(Excerpts from a dataset)
+---+

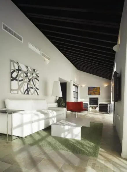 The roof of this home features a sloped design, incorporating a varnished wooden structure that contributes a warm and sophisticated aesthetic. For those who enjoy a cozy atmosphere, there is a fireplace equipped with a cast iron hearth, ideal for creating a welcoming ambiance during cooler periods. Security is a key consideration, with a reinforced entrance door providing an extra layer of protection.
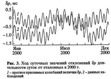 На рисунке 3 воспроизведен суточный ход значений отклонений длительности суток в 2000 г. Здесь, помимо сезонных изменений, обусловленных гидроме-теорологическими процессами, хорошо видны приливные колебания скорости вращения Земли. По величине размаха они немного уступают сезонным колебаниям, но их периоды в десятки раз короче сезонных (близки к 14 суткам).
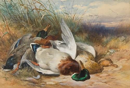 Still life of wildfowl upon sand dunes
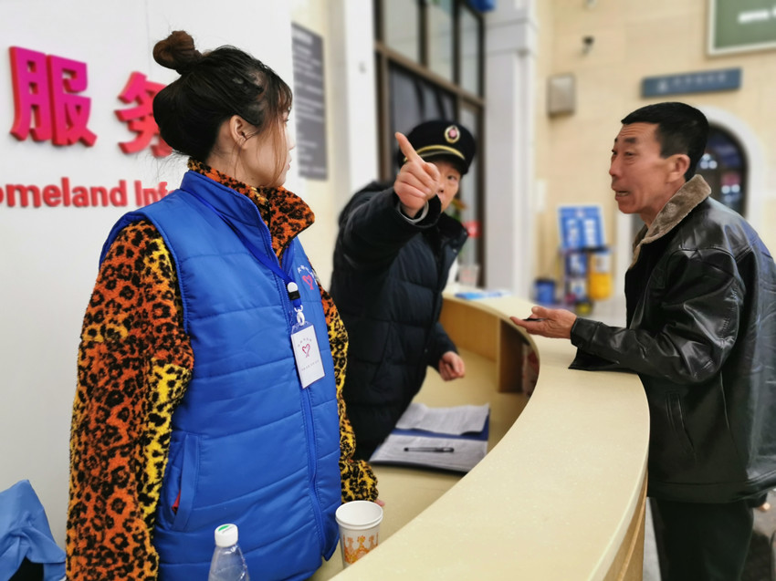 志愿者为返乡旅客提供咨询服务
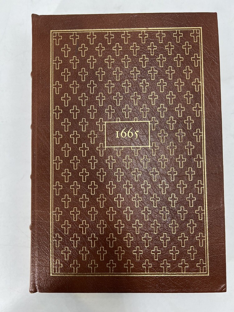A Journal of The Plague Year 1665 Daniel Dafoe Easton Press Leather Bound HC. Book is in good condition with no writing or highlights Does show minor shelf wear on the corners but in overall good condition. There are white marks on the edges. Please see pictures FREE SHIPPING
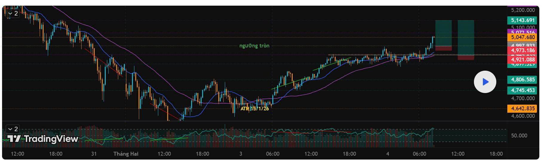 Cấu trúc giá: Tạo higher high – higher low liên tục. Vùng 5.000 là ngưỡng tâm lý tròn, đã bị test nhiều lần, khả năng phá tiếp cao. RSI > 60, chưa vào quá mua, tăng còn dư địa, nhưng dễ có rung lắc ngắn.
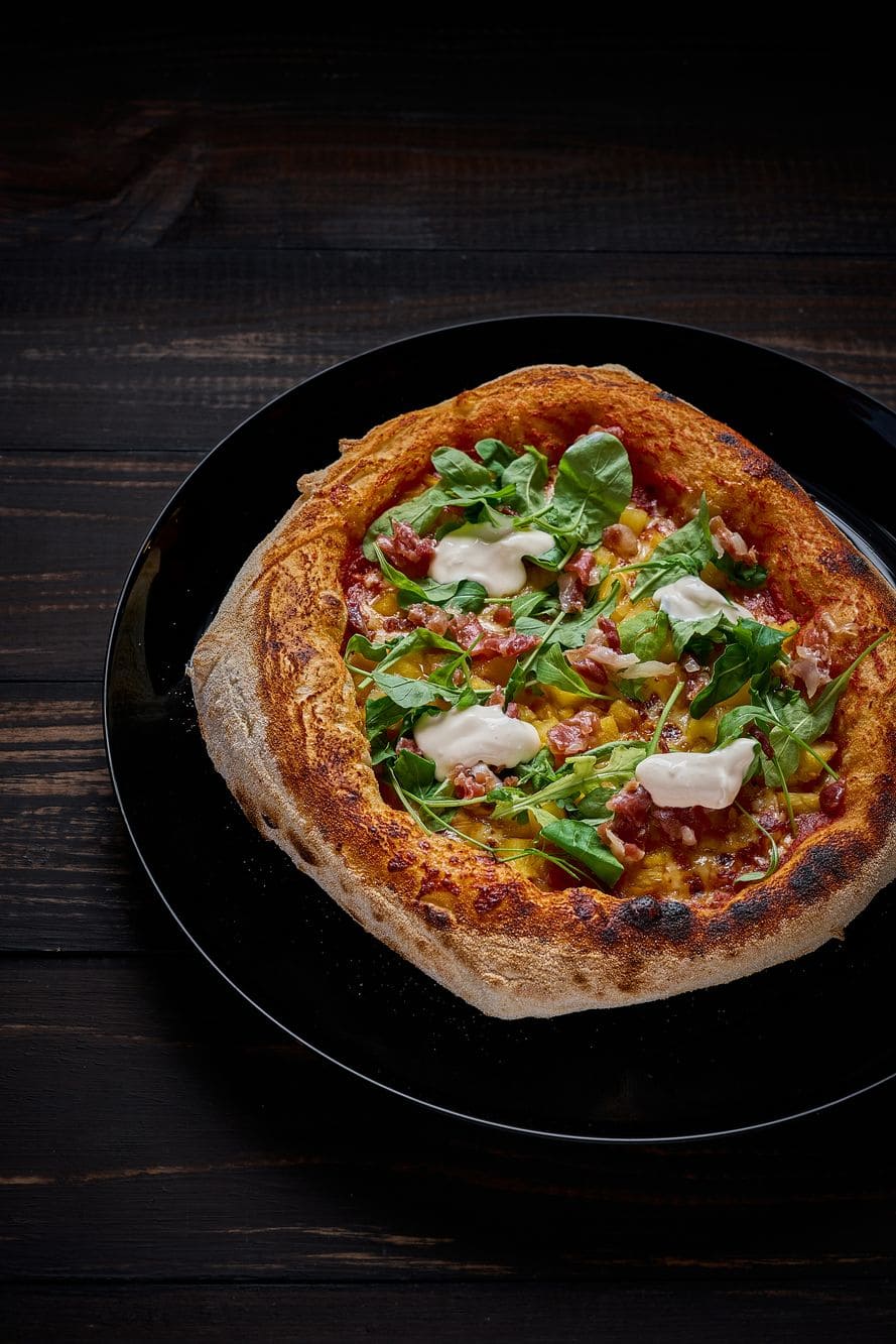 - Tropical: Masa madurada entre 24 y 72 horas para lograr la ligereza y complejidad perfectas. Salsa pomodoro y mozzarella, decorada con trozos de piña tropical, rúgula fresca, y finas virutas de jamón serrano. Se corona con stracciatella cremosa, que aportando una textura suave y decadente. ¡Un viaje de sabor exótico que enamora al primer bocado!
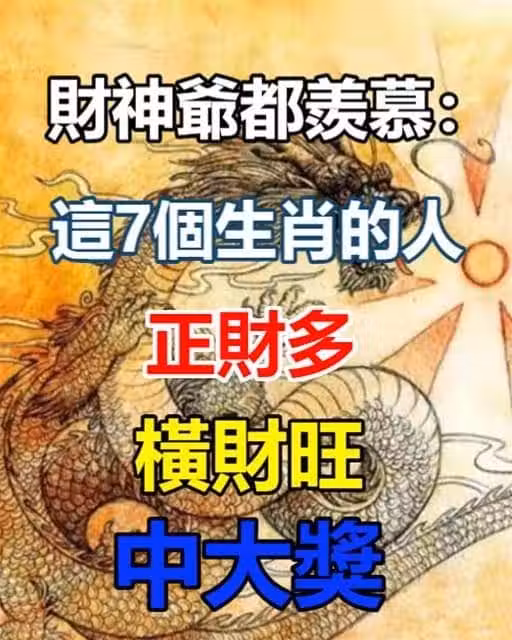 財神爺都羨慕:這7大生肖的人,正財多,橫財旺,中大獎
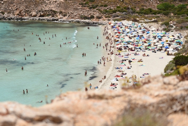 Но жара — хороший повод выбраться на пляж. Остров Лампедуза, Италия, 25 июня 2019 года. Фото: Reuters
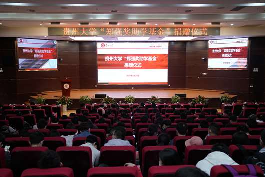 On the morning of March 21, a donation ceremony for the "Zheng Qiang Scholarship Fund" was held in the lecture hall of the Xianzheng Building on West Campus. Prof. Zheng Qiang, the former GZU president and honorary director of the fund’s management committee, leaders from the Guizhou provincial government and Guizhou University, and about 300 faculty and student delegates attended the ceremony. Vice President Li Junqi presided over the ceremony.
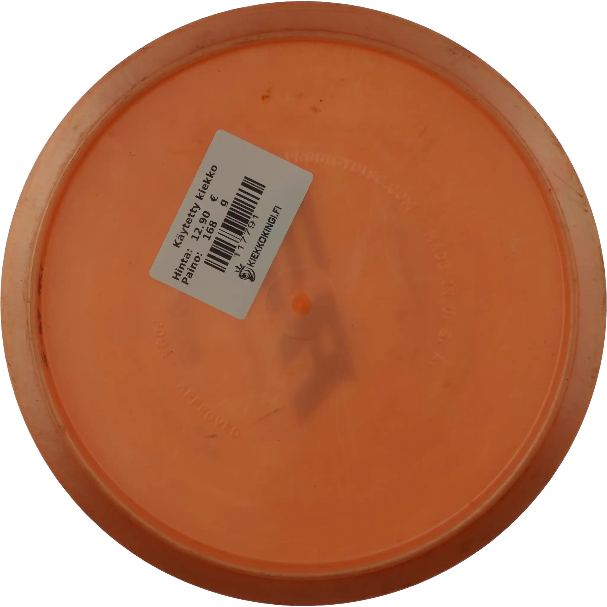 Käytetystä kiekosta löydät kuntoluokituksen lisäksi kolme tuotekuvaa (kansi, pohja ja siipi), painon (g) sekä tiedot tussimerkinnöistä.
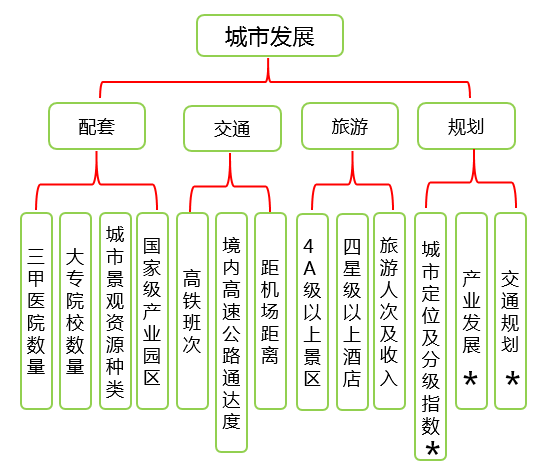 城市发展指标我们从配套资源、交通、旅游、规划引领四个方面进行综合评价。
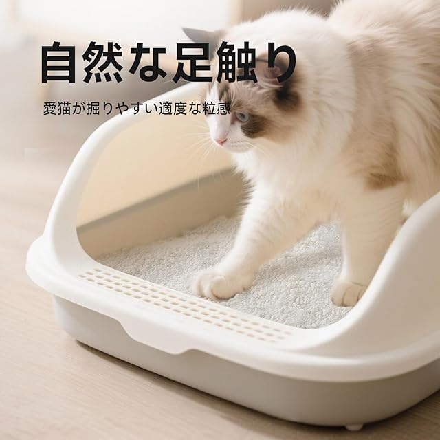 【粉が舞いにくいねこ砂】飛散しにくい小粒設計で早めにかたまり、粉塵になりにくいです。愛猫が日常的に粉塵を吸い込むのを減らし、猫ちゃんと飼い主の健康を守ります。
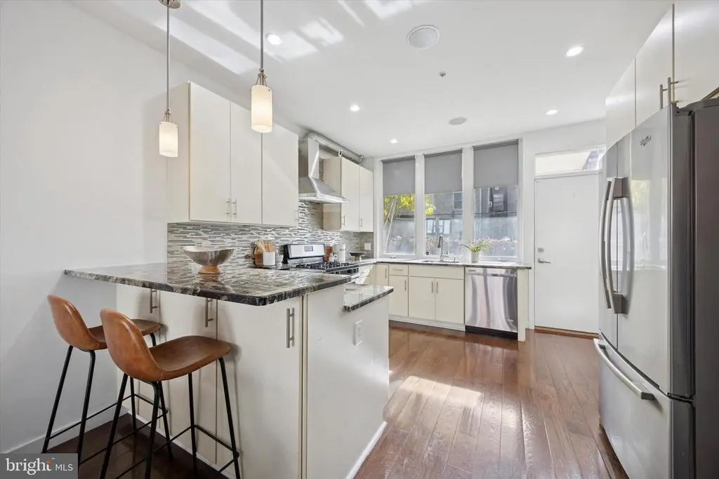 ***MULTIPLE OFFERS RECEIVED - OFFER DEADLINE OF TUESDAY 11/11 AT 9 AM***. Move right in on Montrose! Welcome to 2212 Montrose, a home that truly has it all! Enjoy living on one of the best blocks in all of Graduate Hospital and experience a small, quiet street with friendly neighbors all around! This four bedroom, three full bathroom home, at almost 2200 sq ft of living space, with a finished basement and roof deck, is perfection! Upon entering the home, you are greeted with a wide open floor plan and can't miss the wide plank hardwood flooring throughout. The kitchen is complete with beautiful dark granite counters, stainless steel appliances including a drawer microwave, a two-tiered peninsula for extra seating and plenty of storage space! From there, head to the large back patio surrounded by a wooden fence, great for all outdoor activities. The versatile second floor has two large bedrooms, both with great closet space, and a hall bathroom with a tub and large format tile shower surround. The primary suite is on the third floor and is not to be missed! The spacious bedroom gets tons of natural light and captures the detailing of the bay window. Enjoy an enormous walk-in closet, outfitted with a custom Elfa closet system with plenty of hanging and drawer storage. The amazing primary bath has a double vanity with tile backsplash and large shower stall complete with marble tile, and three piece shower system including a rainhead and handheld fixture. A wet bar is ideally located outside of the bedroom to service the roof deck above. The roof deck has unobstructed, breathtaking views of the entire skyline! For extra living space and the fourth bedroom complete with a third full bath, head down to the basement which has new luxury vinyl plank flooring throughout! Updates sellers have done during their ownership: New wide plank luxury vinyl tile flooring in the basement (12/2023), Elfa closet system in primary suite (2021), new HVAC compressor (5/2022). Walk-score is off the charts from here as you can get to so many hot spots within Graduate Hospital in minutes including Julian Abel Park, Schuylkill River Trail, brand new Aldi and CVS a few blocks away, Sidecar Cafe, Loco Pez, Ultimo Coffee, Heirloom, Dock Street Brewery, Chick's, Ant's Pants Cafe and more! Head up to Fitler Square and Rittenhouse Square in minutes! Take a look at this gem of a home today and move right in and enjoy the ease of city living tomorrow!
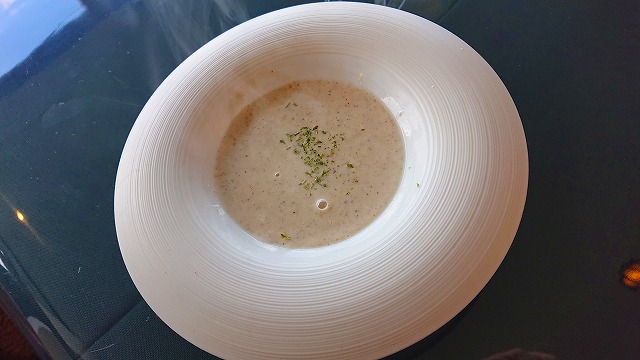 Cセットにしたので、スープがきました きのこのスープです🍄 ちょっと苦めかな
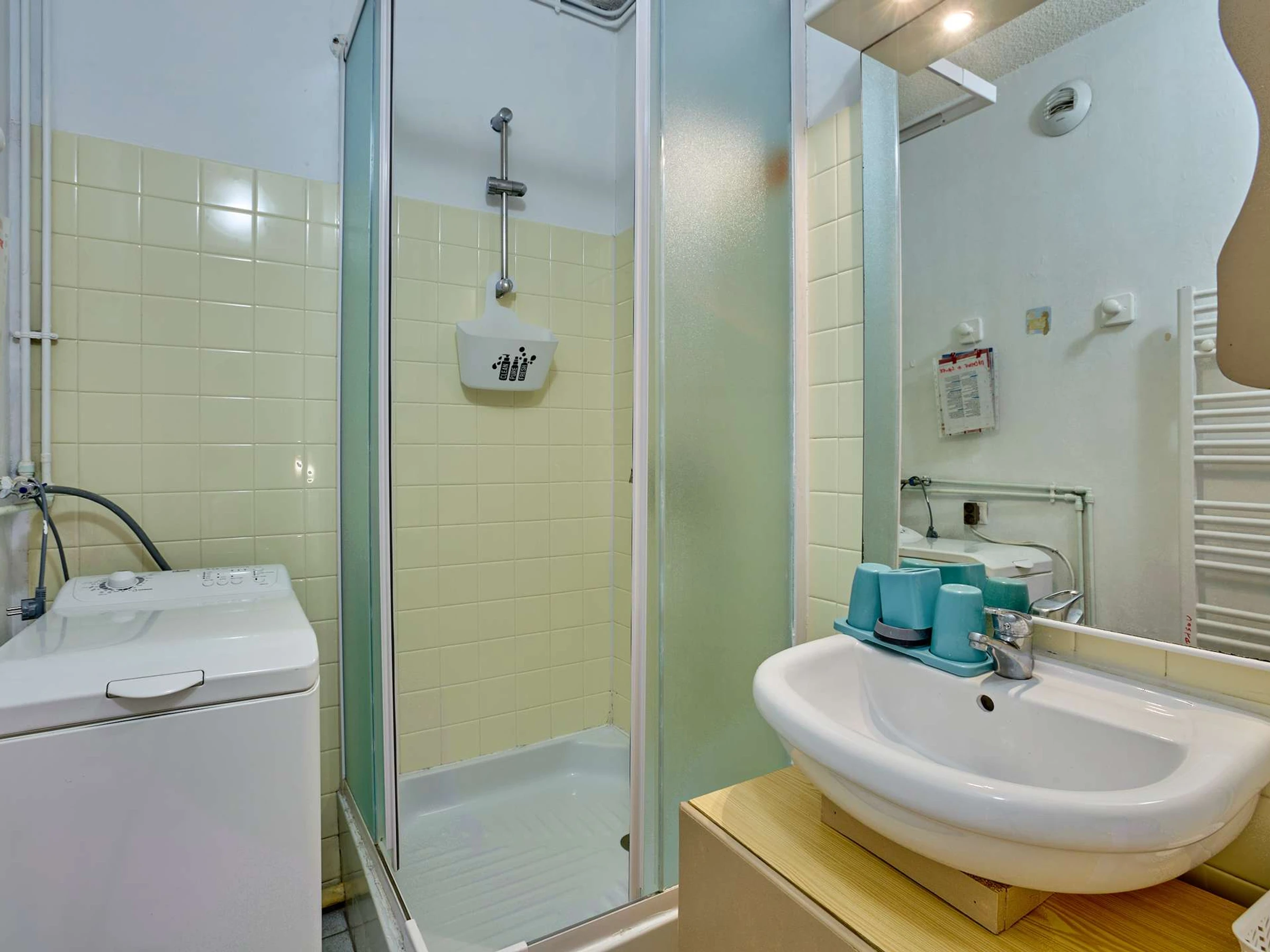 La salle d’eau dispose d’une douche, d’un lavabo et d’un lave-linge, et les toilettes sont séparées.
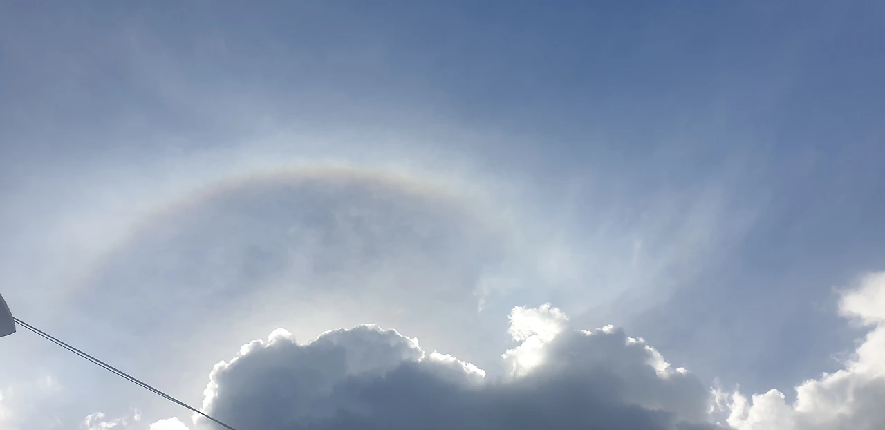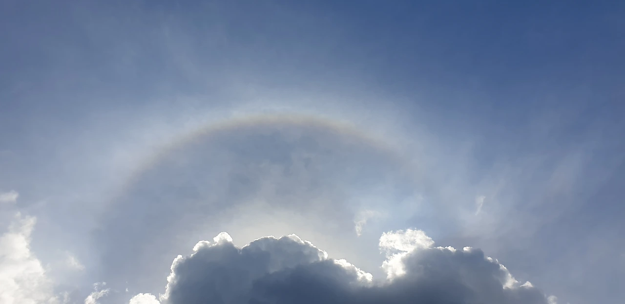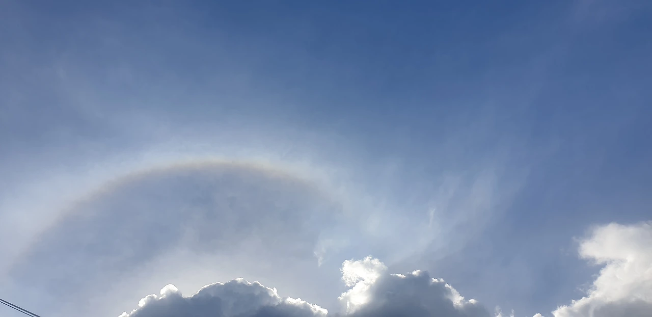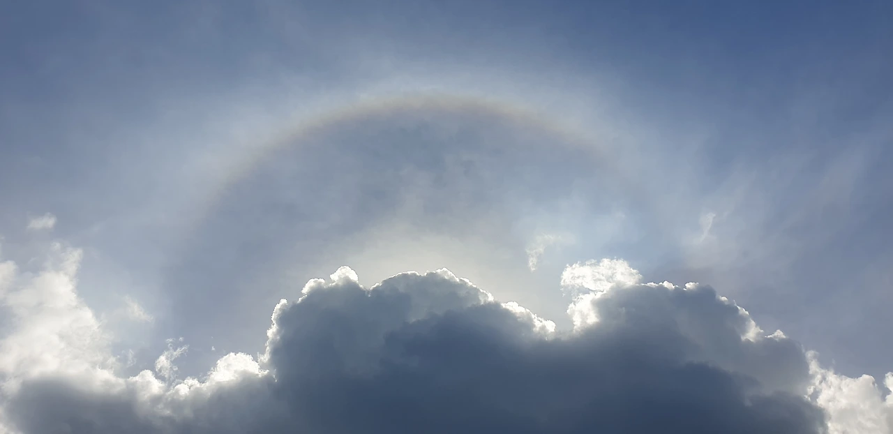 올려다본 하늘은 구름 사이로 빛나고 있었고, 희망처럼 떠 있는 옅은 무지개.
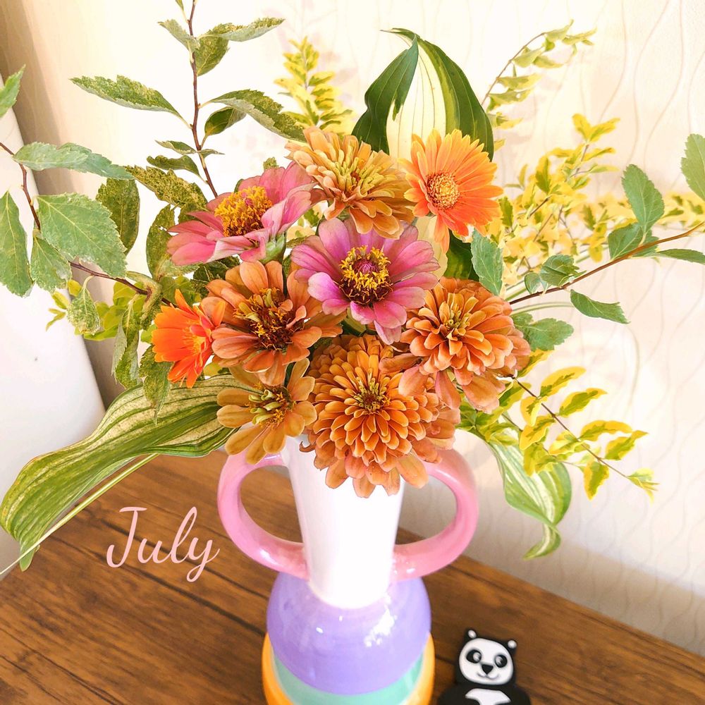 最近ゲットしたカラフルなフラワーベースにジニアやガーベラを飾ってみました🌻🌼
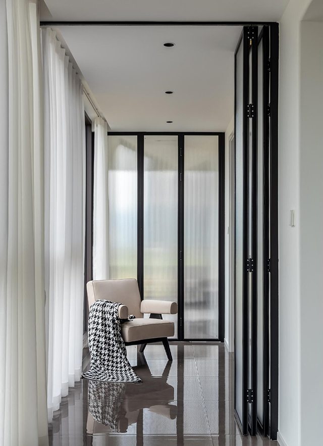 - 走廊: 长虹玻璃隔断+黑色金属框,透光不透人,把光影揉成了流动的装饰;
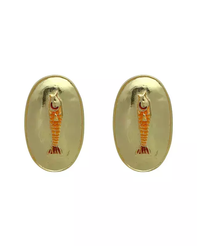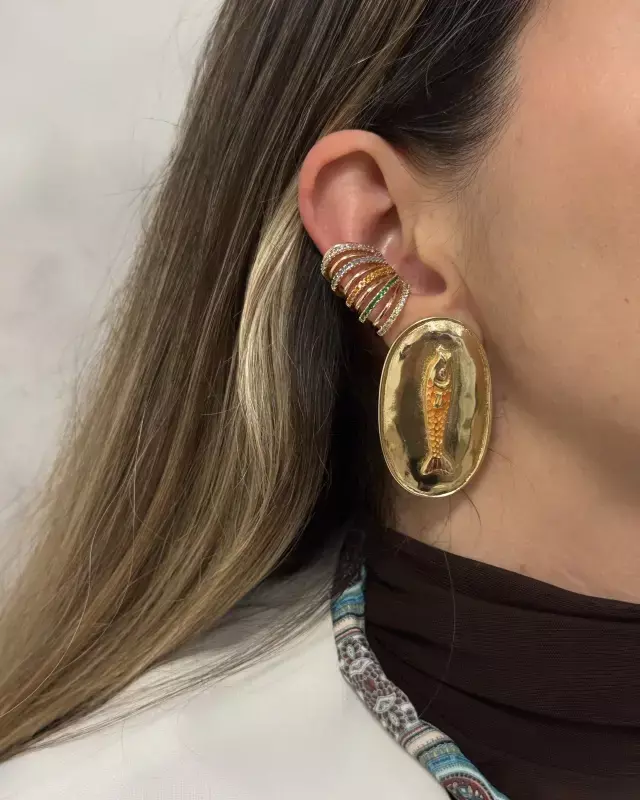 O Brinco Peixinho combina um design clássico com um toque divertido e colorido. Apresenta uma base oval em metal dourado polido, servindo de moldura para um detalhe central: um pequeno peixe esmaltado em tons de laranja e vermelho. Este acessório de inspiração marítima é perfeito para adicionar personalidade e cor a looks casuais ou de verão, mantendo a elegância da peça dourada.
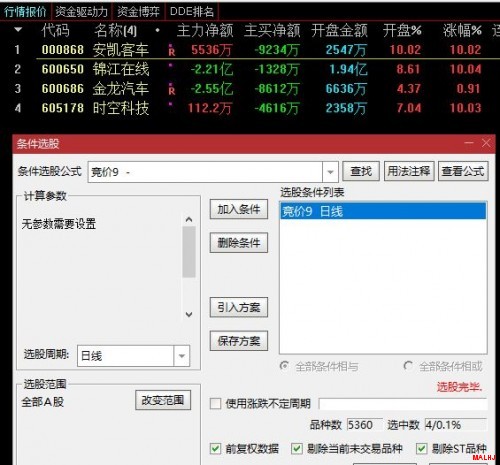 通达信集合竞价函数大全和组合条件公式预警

+---+

◆ Required work
Your output is the lines from the top of the entries through the line containing "財神爺都羨慕:這7大生肖的人,正財多,橫財旺,中大獎", exactly as they stand. No pictures belong in it.

◆ Result of the exercise
 The roof of this home features a sloped design, incorporating a varnished wooden structure that contributes a warm and sophisticated aesthetic. For those who enjoy a cozy atmosphere, there is a fireplace equipped with a cast iron hearth, ideal for creating a welcoming ambiance during cooler periods. Security is a key consideration, with a reinforced entrance door providing an extra layer of protection.
 На рисунке 3 воспроизведен суточный ход значений отклонений длительности суток в 2000 г. Здесь, помимо сезонных изменений, обусловленных гидроме-теорологическими процессами, хорошо видны приливные колебания скорости вращения Земли. По величине размаха они немного уступают сезонным колебаниям, но их периоды в десятки раз короче сезонных (близки к 14 суткам).
 Still life of wildfowl upon sand dunes
 志愿者为返乡旅客提供咨询服务
A Journal of The Plague Year 1665 Daniel Dafoe Easton Press Leather Bound HC. Book is in good condition with no writing or highlights Does show minor shelf wear on the corners but in overall good condition. There are white marks on the edges. Please see pictures FREE SHIPPING
 Cấu trúc giá: Tạo higher high – higher low liên tục. Vùng 5.000 là ngưỡng tâm lý tròn, đã bị test nhiều lần, khả năng phá tiếp cao. RSI > 60, chưa vào quá mua, tăng còn dư địa, nhưng dễ có rung lắc ngắn.
 - Tropical: Masa madurada entre 24 y 72 horas para lograr la ligereza y complejidad perfectas. Salsa pomodoro y mozzarella, decorada con trozos de piña tropical, rúgula fresca, y finas virutas de jamón serrano. Se corona con stracciatella cremosa, que aportando una textura suave y decadente. ¡Un viaje de sabor exótico que enamora al primer bocado!
 財神爺都羨慕:這7大生肖的人,正財多,橫財旺,中大獎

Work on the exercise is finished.